No sábado, parei em frente à casa do Daniel e gritei o nome dele. Ele apareceu na janela e disse que eu podia entrar. O portão estava aberto e, na varanda, tio Sérgio organizava umas caixas de papelão e os materiais de arte.

— Oi, Chico — ele disse. — Daniel falou pra gente ir começando. Ele tá terminando o café.

Ele me mostrou a ideia que tinha e iniciamos os recortes das torres do castelo. Tio Sérgio era daqueles que conseguia nos colocar a ilusão de que estávamos fazendo sozinhos, mas sem ele, na realidade, ficaria horrível.

Em determinado momento, percebi que estávamos muito próximos. Afastei-me um pouco e ele, minutos depois, aproximou-se novamente. Quando o entreguei um pedaço recortado, ele segurou minha mão, me olhou de um jeito estranho e sorriu. Fiquei sem graça, puxei a mão e não soube o que fazer nem dizer. Por sorte, Daniel logo apareceu.

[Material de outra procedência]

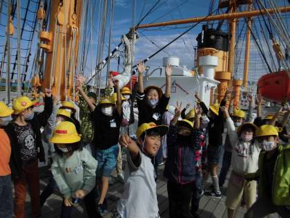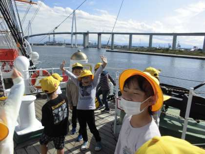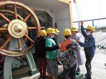 海王丸に乗船しました。子供たちは船長や乗組員になりきっていました。船から見える新湊大橋が、とてもきれいでした。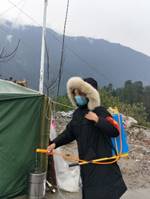 金保171班白玛央宗,在加强自身防护的前提下,作为志愿者积极参与了村里的防控工作。西藏自治区林芝市察隅县,虽为一般地区,但村里的防控宣传、清洁消毒与轮班执勤的工作等一个都没少。执勤、防疫消毒是每天必做的事情,积极动员村民们勤洗手,多通风,少聚集,戴口罩。为防止防控期间一些不实言论的传播,我们及时将官方信息传达给村民,引导村民不信谣、不传谣。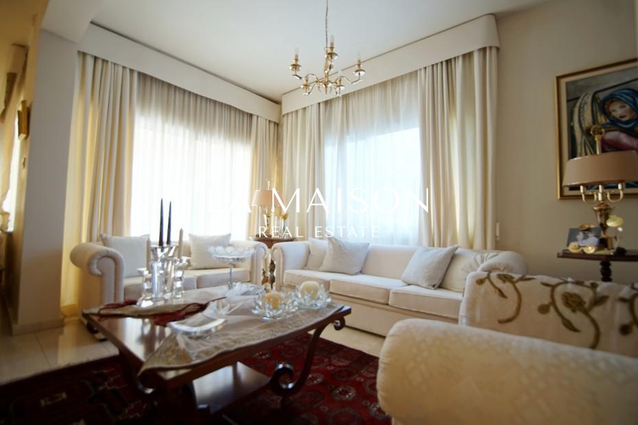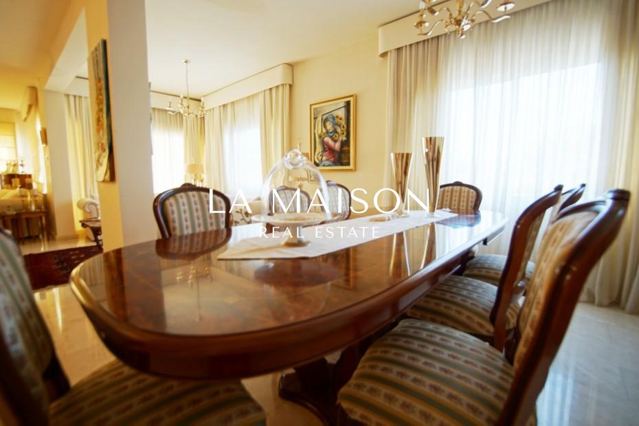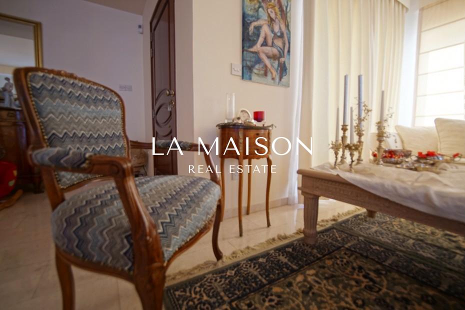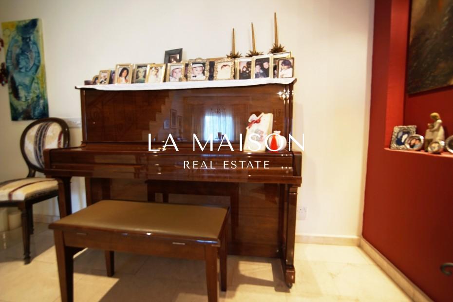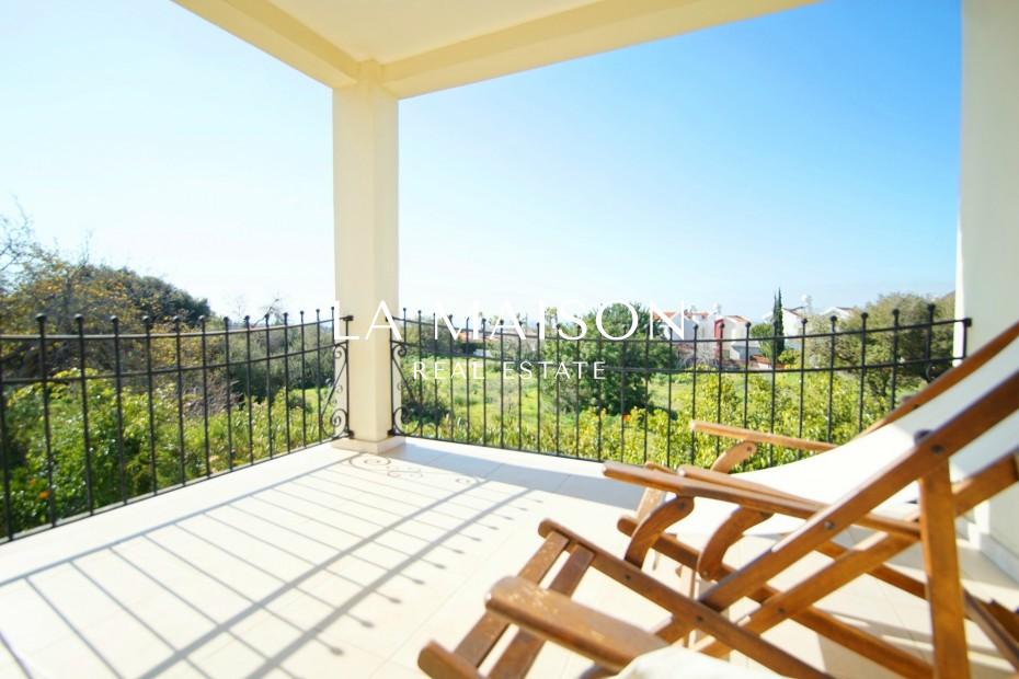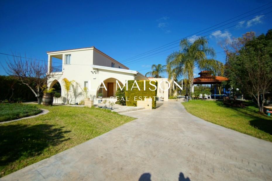 The villa is situated just 1km away from Paphos centre. With a plot of 1673m2 and neighbors in plots of approx 1500m2 It is a big family 4 b/r villa. The upper floor is 120m2 and consists of the luxurious main en suite b/r, with a veranda viewing the harbour, lounge sitting area and office with large library area, gym space, sauna, and large wardrobe. The lower floor with a a total cover area of 260m2 consists of 3 b/rs. They have a common private bathroom. The third is an en suite 4×4 bedroom with big wardrobes and view to the swimming pool. The rest of the floor is consists of an other bathroom, a store over 10m2 a kitchen with a store space connected with a lounge sitting area and daily dining space. Two more open living rooms, and a large dining space. The villa is surrounded by large amazing gardens and big verandas with a total area of 40m2 providing views to the green areas. The villa provides garage space for two cars with an area of 35m2, cover area for another two with an area of 42m2 and a separated maid’s studio with an area of 20m2. covered areas 527m2 Bedrooms: 4 / Bathrooms: 4 / Gym space, Sauna, Office, Wardrobes/ Store rooms/ Big Verandas / Gardens/ Kiosks/ Swimming pool / Maid’s studio /Garage.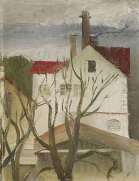 Haus (verso: Stillleben mit zwei Tellern und einem Messer)

Terminamos de montar o castelo e precisávamos esperar secar para então pintar. Daniel disse que ia buscar alguma coisa, então eu me levantei e falei que tinha que ir embora.

— Ué, achei que a gente ia pintar hoje ainda — ele estranhou.

— Você pode pintar — eu disse. — Eu que fiz todo o trabalho até aqui mesmo — brinquei, tentando quebrar a tensão.

Desde então, passei a evitar o tio Sérgio. O problema é que, meio sem querer, comecei a esquivar-me do Daniel também. Eu não podia contar para ele, porque meu amigo havia perdido os pais e era criado pelo tio. Era seu super-herói. Não podia estragar isso.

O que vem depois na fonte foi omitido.